Składniki (tortownica o średnicy 20 cm.):
Spód:
- 1 szkl. mąki pszennej
- 62 g. margaryny
- 2 czubate łyżki cukru pudru
- 1 płaska łyżeczka proszku do pieczenia
- 2 żółtka
- 2 łyżeczki kakao
- 500 g. twarogu sernikowego (użyłam takiego z wiadereczka)
- 340 g. jogurtu greckiego
- 1 łyżeczka cukru waniliowego
- 3 łyżki cukru pudru
- 100 g. białej czekolady
- 4 łyżeczki żelatyny
- 40 ml. zimnej wody
- maliny na wierzch
- 1 galaretka malinowa
Wykonanie:
Ze składników na spód zagniatamy kruche ciasto. Owijamy folią spożywczą i odkładamy na 1 godz. do lodówki.
Dno tortownicy smarujemy margaryną. Z papieru do pieczenia wycinamy koło o średnicy 20 cm. i przyklejay do dna tortownicy. Ciasto wyciągamy z lodówki i rozwałkowujemy dopasowując do dna formy. Pieczemy w temp. 200°C przez 15-20 min. Studzimy.
Twaróg, jogurt i oba cukry miksujemy w wyższym naczyniu. Czekoladę dzielimy na kostki i rozpuszczamy w kąpieli wodnej, po przestudzeniu miksujemy z serkiem.

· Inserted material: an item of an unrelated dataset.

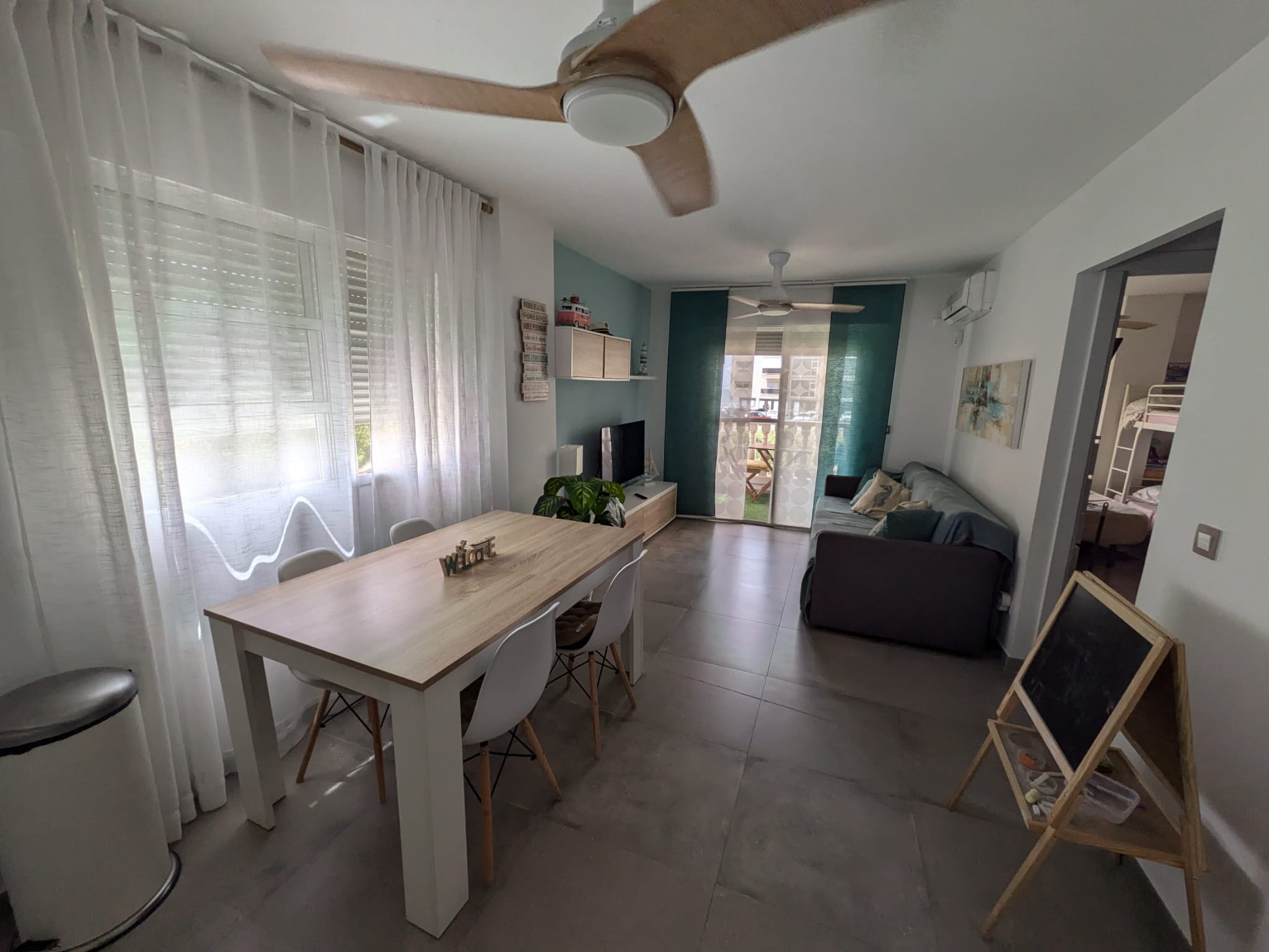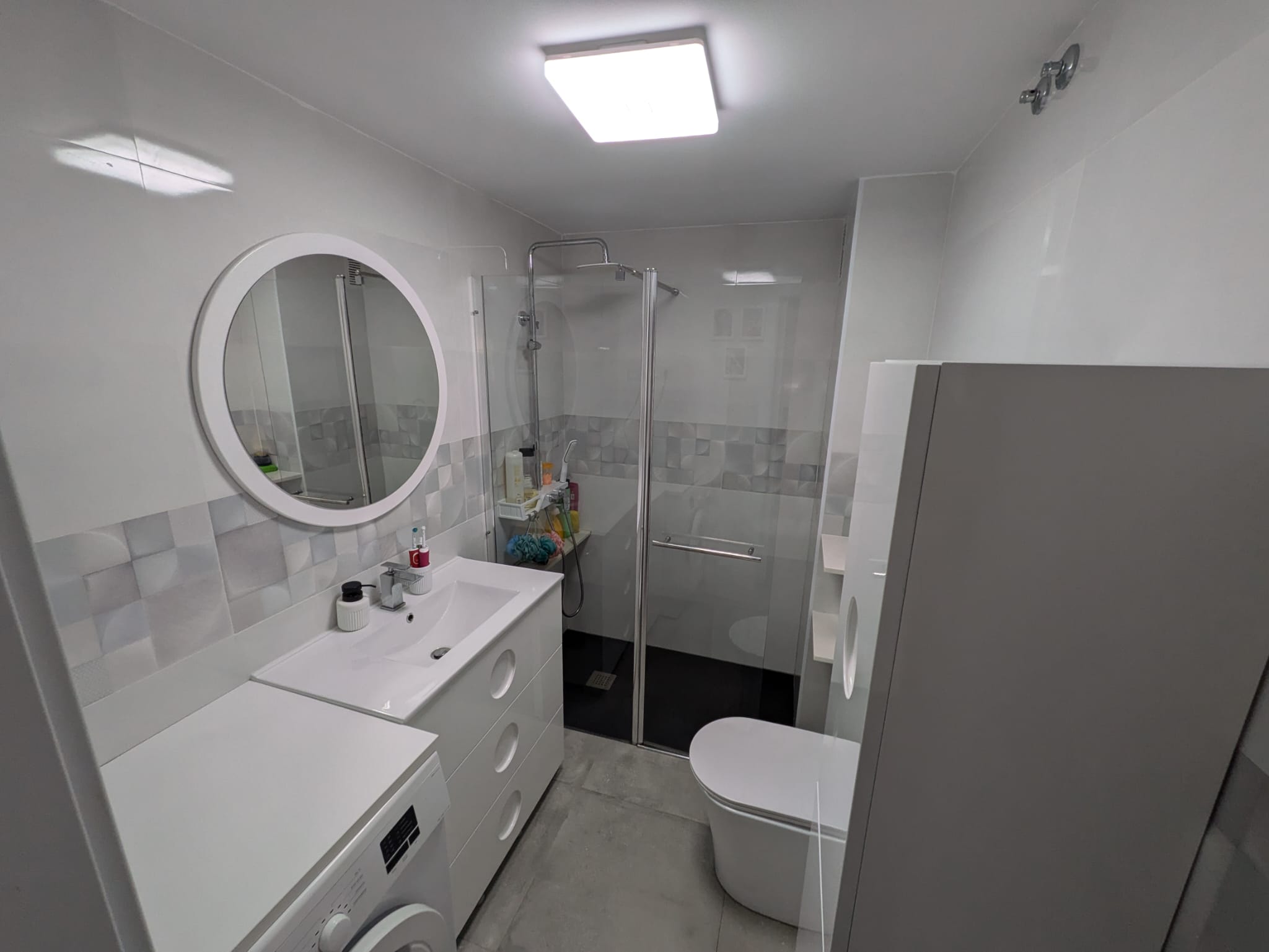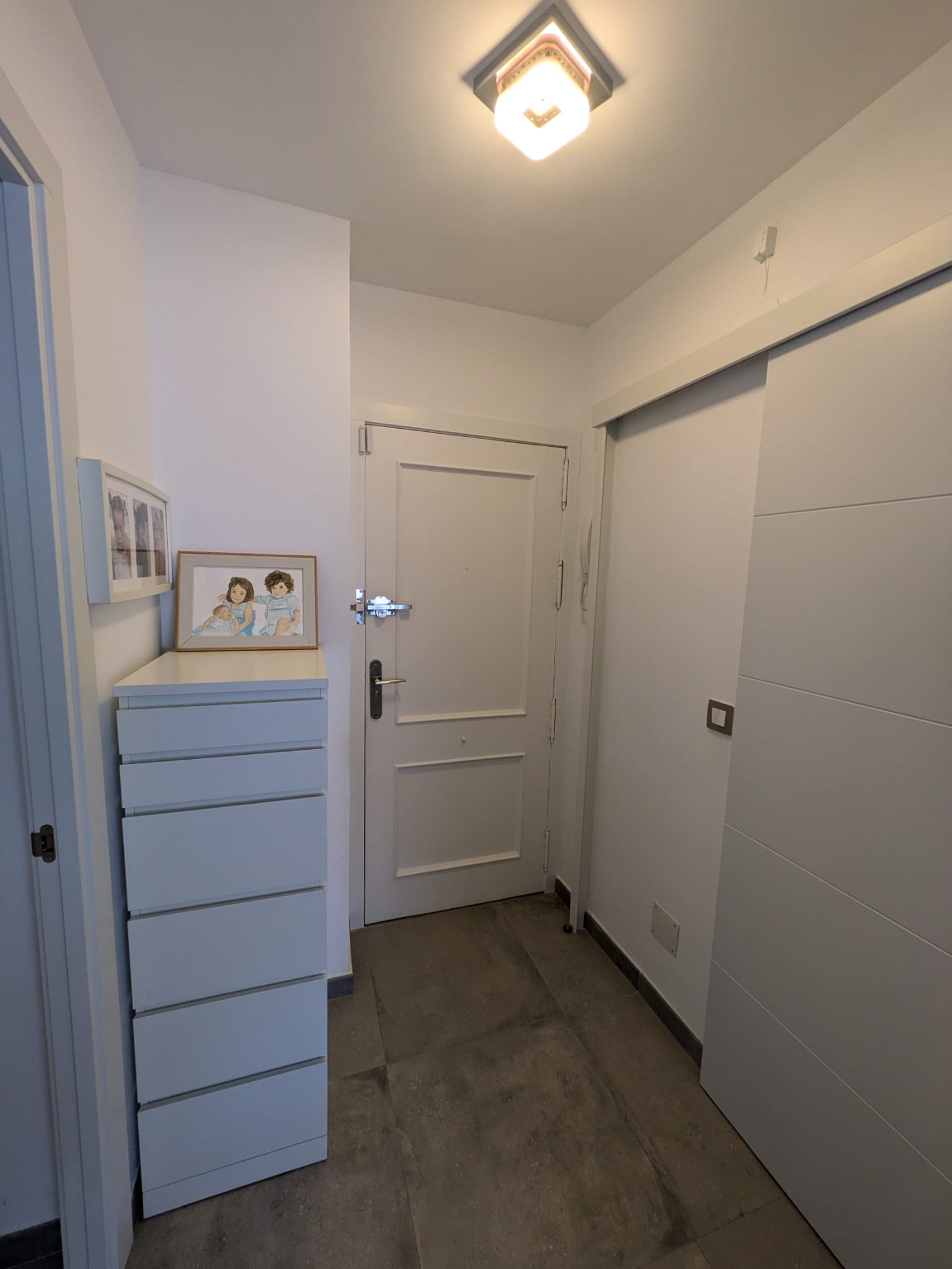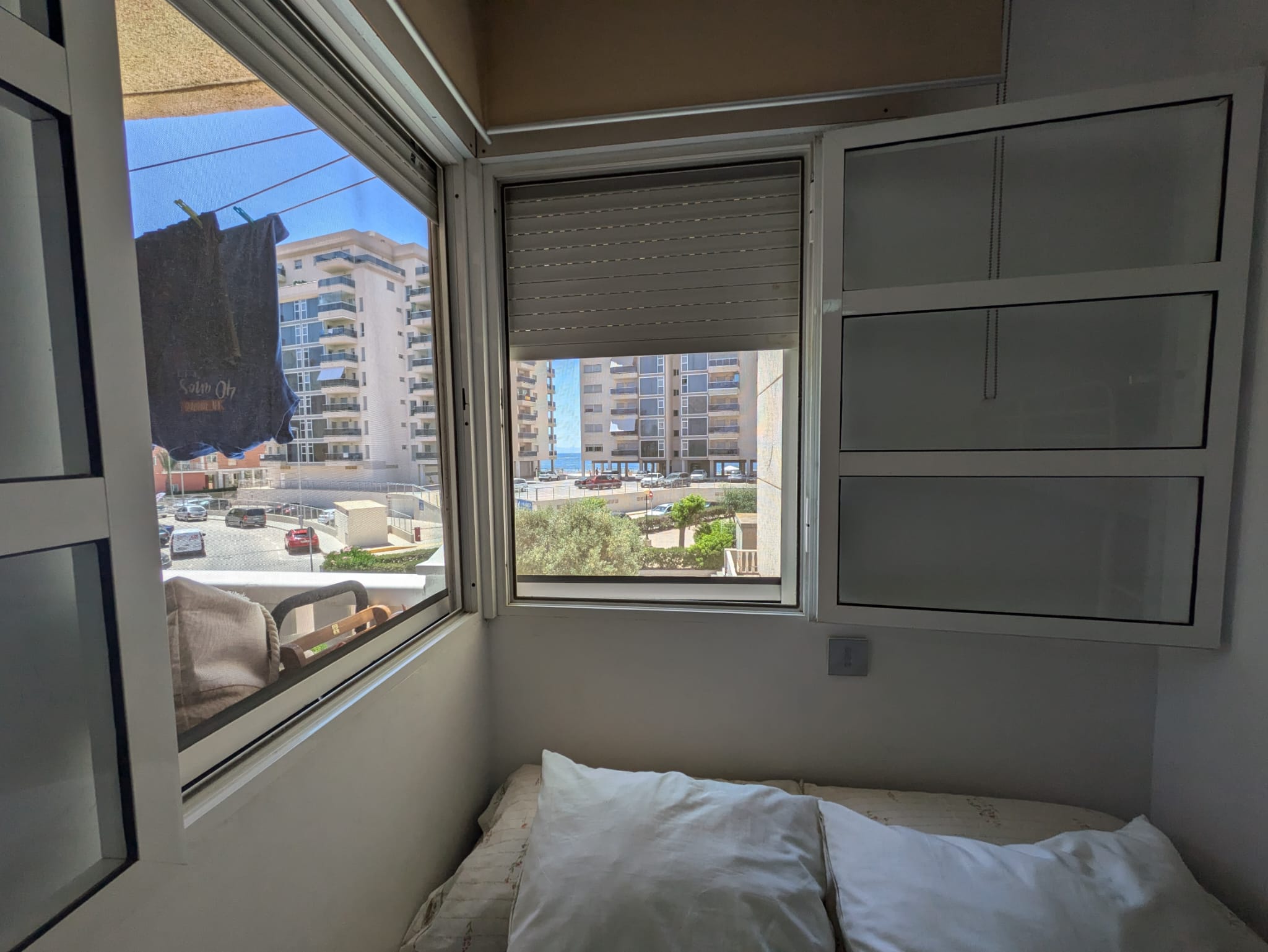 Tiene aire acondicionado en el salón y en la habitación. 2 ventiladores en el salón-comedor, 1 en la habitación y 1 en la terraza. Armario empotrado en la habitación, lavavajillas y lavadora en el baño. Todas las ventanas tiene mosquiteras. La terraza tiene césped. Todo lo necesario para vivir todo el año.

Żelatynę zalewamy wodą, mieszamy i odstawiamy na 10 min. Po tym czasie stawiamy na bardzo małym ogniu i mieszając czekamy, aż będzie płynna ( nie doprowadzamy do zagotowania!).
Do jeszcze lekko ciepłej żelatyny dodajemy kilka łyżek zmiksowanej masy i szybko miksujemy. Od razu wlewamy do całości masy sernikowej i miksujemy na najwyższych obrotach. Wylewamy na kruchy spód i wstawiamy do lodówki.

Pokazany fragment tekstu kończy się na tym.